Loading learning content...
Matrix multiplication is one of the most fundamental operations in all of computing. It powers everything from 3D graphics transformations and physics simulations to machine learning algorithms and signal processing. Modern neural networks execute trillions of matrix multiplications during training and inference.
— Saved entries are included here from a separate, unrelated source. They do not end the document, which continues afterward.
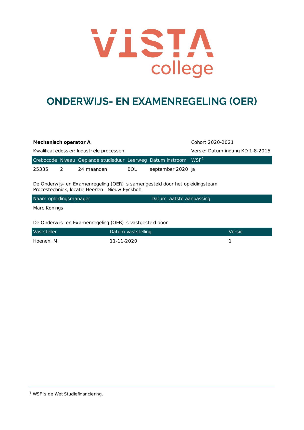 Mechanisch operator A 25335O1S in cohort 2020-2021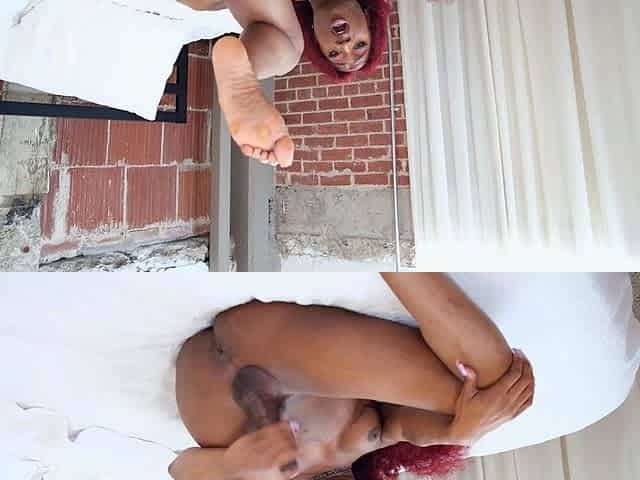Black ebony shemale tranny masturbates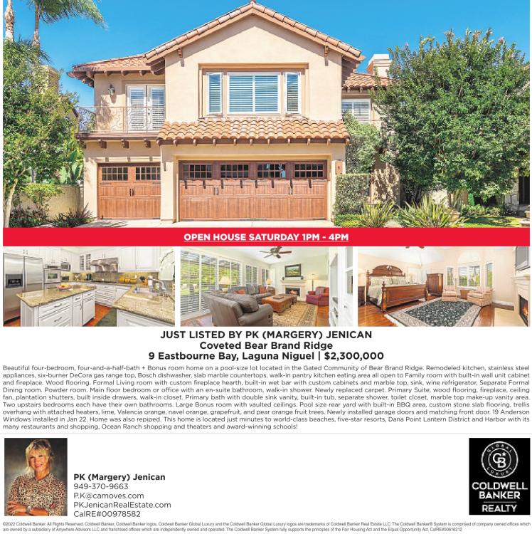 JUST LISTED BY PK (MARGERY) JENICAN Coveted Bear Brand Ridge 9 Eastbourne Bay, Laguna Niguel | $2,300,000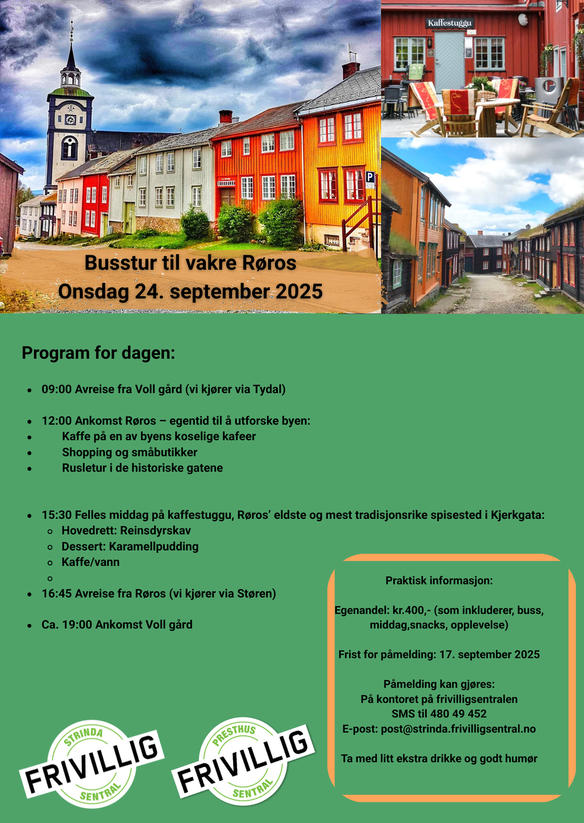 Presthus og Strinda frivilligsentraler ønsker deg velkommen til en hyggelig dagstur fra Trondheim til vakre Røros – med flott reise over fjellet, god mat og trivelig selskap.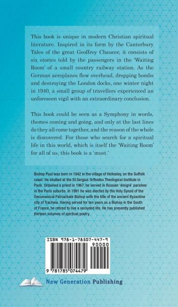 This book is unique in modern christian spiritual literature. Inspired in its form by the Canterbury Tales of the great Geoffrey Chaucer, it consists of six stories told by the passengers in the 'Waiting Room'of a small country railway station. As the German aerpolanes flew overhead, dropping bombs and destroying the London docks, one winter night in 1940, a small group of travellers experinced an unforeseen vigil with an extraordinary conclusion. This book could be seen as a Symphony in words, themes coming and going, and only at the last lines do they all come together, and the reason of the whole is discovered. For those who search for a spiritual life in this world, which is itself the Waitng 'Room' for all of us, this book is a 'must.' Bishop Paul was born in 1942 in the village of Hollesley, on the Suffolk coast. He studied at the St.Sergius Orthodox Theological Institute in Paris. Ordained a priest in 1967, he served in Russian 'émigré' parishes in the Paris suburbs. In 1991 he was elected by the Holy Synod of the Oecumenical Patriachate Bishop with the title of the ancient Byzantine city of Tracheia. Having served for ten years as a Bishop in the South of France, he retired to live a secluded life. He has presently published thirteen volumes of spiritual poetry.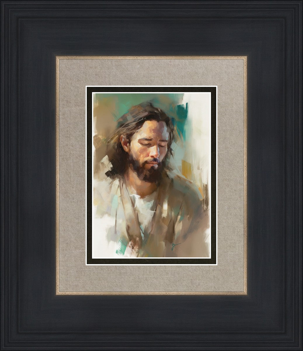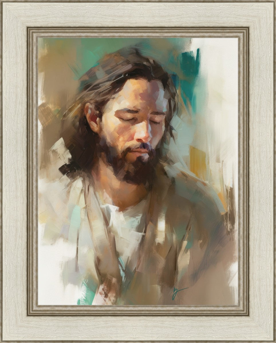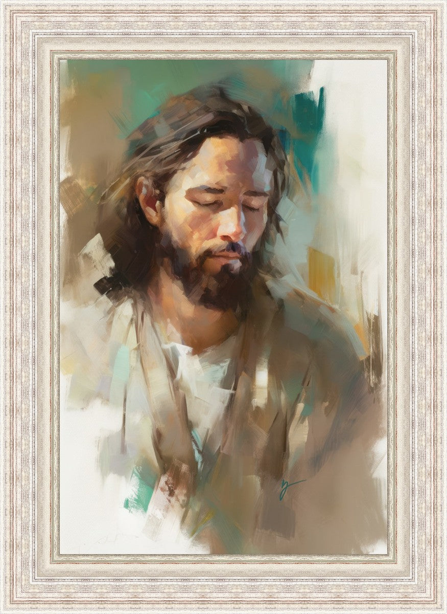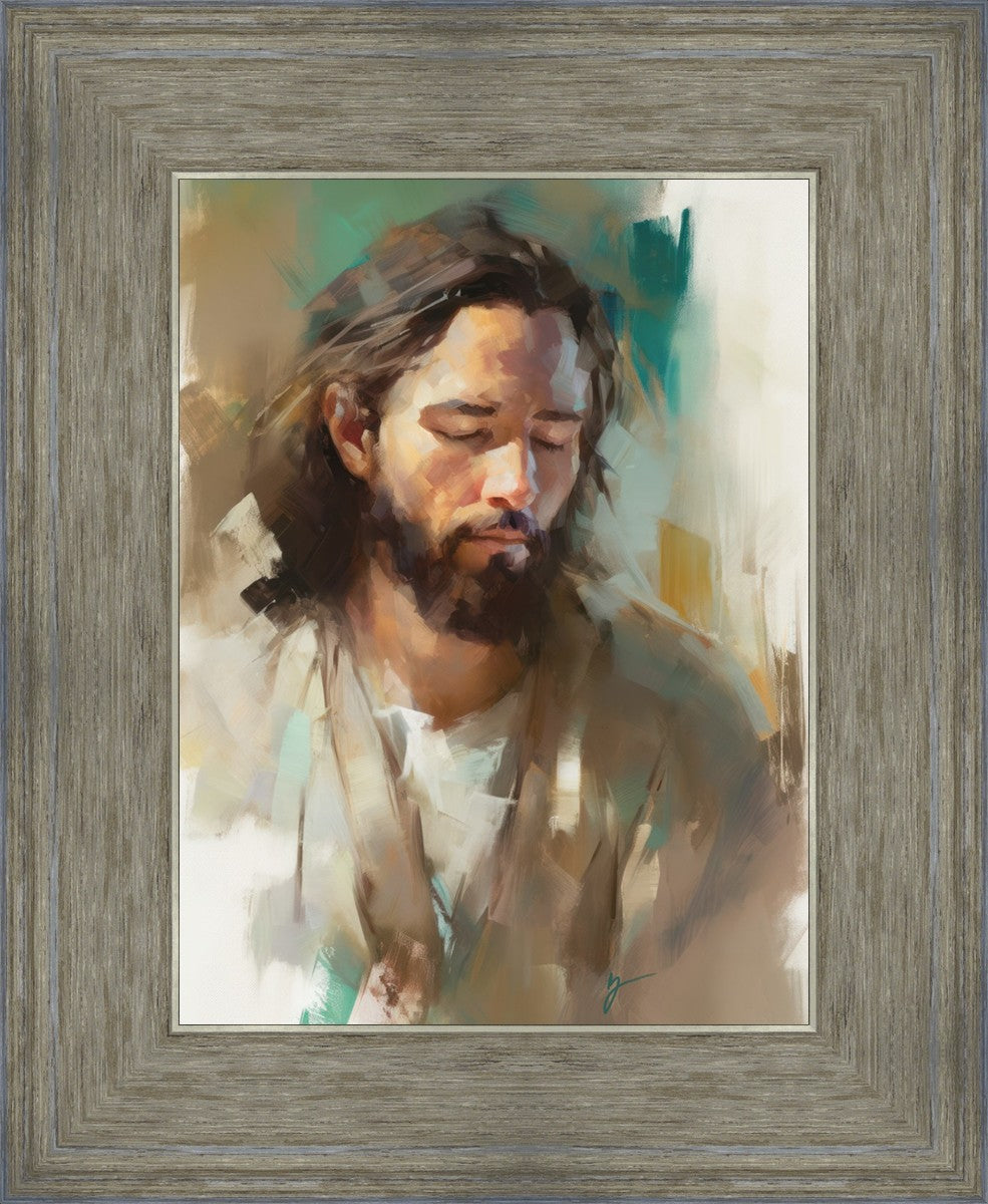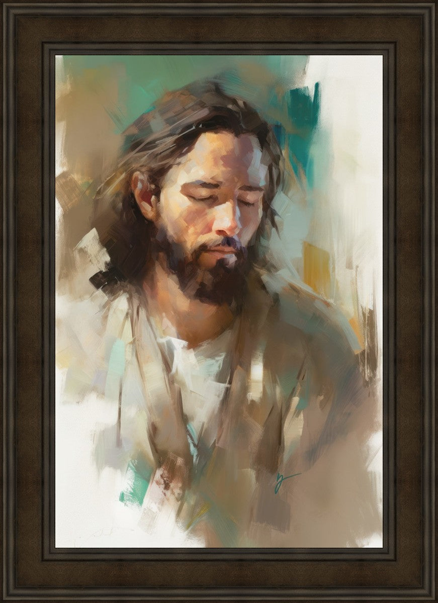 "I Am One With the Father" is a captivating abstract portrait of Jesus Christ. With its delicate loose brushwork and harmonious green and brown tones, this artwork radiates a sense of reverence and spiritual connection. Jesus, in deep communion with His Father, bows His head and closes His eyes, inviting us to join Him in unity. His heartfelt prayer echoes the desire for us to become one with Him, just as He is one with the Father.

Scientific simulations in weather prediction, molecular dynamics, and economic modeling all rely heavily on this single operation.
Yet despite its ubiquity, the standard algorithm for multiplying two n×n matrices requires O(n³) arithmetic operations—a cost that becomes astronomical as matrix sizes grow. For a 1,000×1,000 matrix, that's one billion operations. For a 10,000×10,000 matrix, one trillion. Understanding why this cubic complexity arises, and whether we can do better, is one of the most important questions in computational mathematics.
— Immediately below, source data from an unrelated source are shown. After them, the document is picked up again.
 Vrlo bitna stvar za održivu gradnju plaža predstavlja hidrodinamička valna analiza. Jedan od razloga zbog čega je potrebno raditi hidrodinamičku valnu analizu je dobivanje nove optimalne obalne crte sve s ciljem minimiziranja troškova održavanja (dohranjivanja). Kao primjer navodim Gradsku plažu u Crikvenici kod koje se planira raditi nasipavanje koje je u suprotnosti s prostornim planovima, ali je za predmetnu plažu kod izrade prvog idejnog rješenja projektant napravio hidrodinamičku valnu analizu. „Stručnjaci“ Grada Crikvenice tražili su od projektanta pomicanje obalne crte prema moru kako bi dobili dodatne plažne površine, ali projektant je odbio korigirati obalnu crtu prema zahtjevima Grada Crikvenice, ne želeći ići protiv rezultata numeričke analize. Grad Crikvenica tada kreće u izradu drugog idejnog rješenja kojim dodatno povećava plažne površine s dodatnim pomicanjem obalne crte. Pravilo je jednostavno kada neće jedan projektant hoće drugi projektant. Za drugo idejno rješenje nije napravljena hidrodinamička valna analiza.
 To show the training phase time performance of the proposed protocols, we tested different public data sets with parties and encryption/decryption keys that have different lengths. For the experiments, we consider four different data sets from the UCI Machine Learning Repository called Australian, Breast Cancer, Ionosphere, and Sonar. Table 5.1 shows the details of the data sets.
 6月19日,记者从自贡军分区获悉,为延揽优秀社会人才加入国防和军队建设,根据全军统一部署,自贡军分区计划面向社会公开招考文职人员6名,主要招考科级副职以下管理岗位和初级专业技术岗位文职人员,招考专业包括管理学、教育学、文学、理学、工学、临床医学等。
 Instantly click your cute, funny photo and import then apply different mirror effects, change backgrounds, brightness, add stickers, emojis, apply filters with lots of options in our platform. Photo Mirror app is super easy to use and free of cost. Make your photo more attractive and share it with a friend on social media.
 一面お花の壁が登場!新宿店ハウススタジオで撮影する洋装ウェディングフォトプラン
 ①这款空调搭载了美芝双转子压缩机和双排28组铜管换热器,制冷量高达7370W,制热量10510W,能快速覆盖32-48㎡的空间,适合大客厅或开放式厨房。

By the end of this page, you will thoroughly understand the standard matrix multiplication algorithm, derive its O(n³) complexity from first principles, see why every entry requires n multiplications, and understand the computational bottleneck that Strassen's algorithm will later address. You'll also appreciate why matrix multiplication is distinct from element-wise operations.
Before diving into the algorithm, we must establish precise mathematical foundations. A matrix is a rectangular array of numbers organized into rows and columns. An m×n matrix A has m rows and n columns, and we denote the entry in row i and column j as A[i][j] or A_{i,j}.
Notation conventions:
For square matrices (which we'll focus on for complexity analysis), we have n×n matrices where m = n = p.
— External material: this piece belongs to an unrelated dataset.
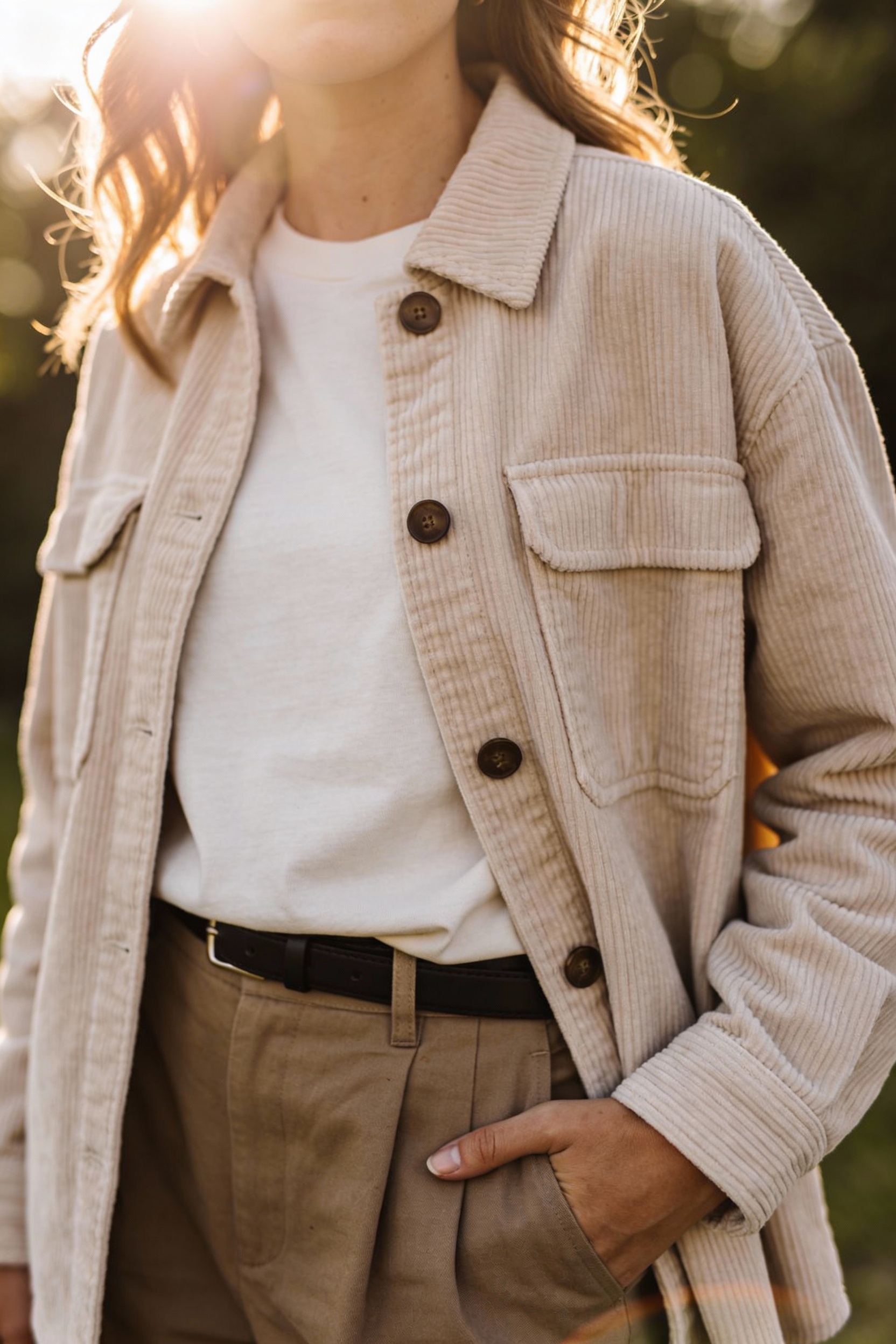 Use a slim base layer (ribbed tee, tank, or lightweight knit), then one warm layer (cardigan or sweater), and one outer layer (trench, utility jacket, or packable puffer). Keep proportions balanced—if your outer layer is oversized, go straighter or more fitted on the bottom. A scarf or cap adds warmth without adding volume.

| Matrix A | Matrix B | Result C | Valid? |
|---|---|---|---|
| 3×4 matrix | 4×5 matrix | 3×5 matrix | Yes — inner dimensions match (4=4) |
| 3×4 matrix | 5×4 matrix | N/A | No — inner dimensions differ (4≠5) |
| n×n matrix | n×n matrix | n×n matrix | Yes — square matrices always compatible |
| m×n matrix | n×p matrix | m×p matrix | Yes — general compatible case |
Matrix multiplication A × B is only defined when the number of columns in A equals the number of rows in B. If A is m×n, then B must be n×p for some p. This isn't a programming constraint—it's a mathematical requirement arising from how matrix multiplication is defined.
Memory layout considerations:
In computer memory, matrices are typically stored in one of two layouts:
This distinction profoundly affects cache performance. The standard algorithm's memory access patterns interact with cache hierarchy in ways that significantly impact real-world performance beyond the O(n³) theoretical bound.
Matrix multiplication is fundamentally different from element-wise multiplication. Each entry in the result matrix C is computed as a dot product of a row from A and a column from B.
Formal definition:
Given matrices A (m×n) and B (n×p), the product C = A × B is an m×p matrix where:
$$C[i][j] = \sum_{k=1}^{n} A[i][k] \cdot B[k][j]$$
In plain language: C[i][j] equals the sum of products of corresponding elements from the i-th row of A and the j-th column of B.
The dot product of two vectors [a₁, a₂, ..., aₙ] and [b₁, b₂, ..., bₙ] is a₁b₁ + a₂b₂ + ... + aₙbₙ. Matrix multiplication computes n² such dot products for n×n matrices—one for each position in the result matrix.
Concrete example with 2×2 matrices:
Let's multiply:
A = [1 2] B = [5 6]
[3 4] [7 8]
The result C = A × B:
C[1][1] = A[1][1]·B[1][1] + A[1][2]·B[2][1] = 1·5 + 2·7 = 5 + 14 = 19
C[1][2] = A[1][1]·B[1][2] + A[1][2]·B[2][2] = 1·6 + 2·8 = 6 + 16 = 22
C[2][1] = A[2][1]·B[1][1] + A[2][2]·B[2][1] = 3·5 + 4·7 = 15 + 28 = 43
C[2][2] = A[2][1]·B[1][2] + A[2][2]·B[2][2] = 3·6 + 4·8 = 18 + 32 = 50
Therefore:
C = [19 22]
[43 50]
Notice that computing each entry required exactly 2 multiplications and 1 addition (n multiplications and n-1 additions for n×n matrices).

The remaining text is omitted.